Não seria um problema não cumprir a meta num ano de baixo crescimento, até porque os gastos têm de aumentar quando o crescimento é baixo e a poupança crescer em época de PIB maior. Mas o governo não tem feito isso. Este ano, a meta não será cumprida, porque a arrecadação não está indo bem - em todos os outros anos, ela foi atingida com aumento da arrecadação. E até o fim de 2012, o governo vai dizer que a meta será reduzida.

Há outros problemas na área fiscal. Em 2010, quando o Brasil cresceu forte e poderia ter melhorado a meta, o governo fez truque contábil para atingi-la. Em 2012, será descontado o investimento do PAC da conta de gasto. Repito: se fosse apenas em um ano, não seria um problema, porque investimento garante crescimento futuro, é gasto bom.

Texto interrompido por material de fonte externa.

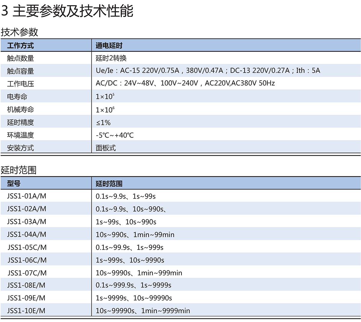 JSS1系列时间继电器适用于交流50Hz,额定控制电源电压380V及直流额定控制电源电压220V的控制电路中作延时元件,按预定的时间接通或分断电路。
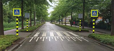 Een oversteekplaats markeren met fluorescerende attentiekokers en verkeersborden is een voordelige, maar uiterst effectieve oplossing om zones te markeren. Voor automobilisten is direct duidelijk dat voetgangers en/of fietsers kunnen oversteken. De attentiekoker is uitgevoerd met Klasse 3 retroreflecterende folie en heeft een zeer hoge attentiewaarde, zowel overdag als ‘s nachts. De koker is 2200 mm lang en wordt op een standaard flespaal van 3900 mm gemonteerd met een vrije doorloophoogte voor voetgangers. Bovenop kan enkel- of dubbelzijdig een verkeersbord gemonteerd worden.
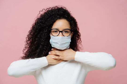 Sick curly haired woman touches neck, suffers from suffocation and shortage of breathing, wears medical mask to avoid virus infection, isolated on pink background. Coronavirus, health care concept
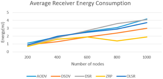 Figure 7 shows the comparative analysis of receiver energy consumption in 200–1000-node networks using the proposed outlier detection mechanism over five MANET routing protocols. The ZRP has the lowest value for average receiver consumption, as the network is structured—unlike other protocols, where it is unstructured. Unstructured networks have a higher probability of retransmission or loss of packet acknowledgment.

O problema é que o governo está tornando as contas públicas cada vez mais opacas, difíceis de serem entendidas. A dívida líquida tem caído, mas a bruta sobe, porque o Tesouro se endivida para colocar dinheiro nos bancos públicos para eles emprestarem mais. Esse é um dos truques.

Quando um jornalista de economia tem muita dificuldade para explicar as contas públicas, é porque o governo está criando truques contábeis que, no passado, já nos criaram o grande problema da inflação.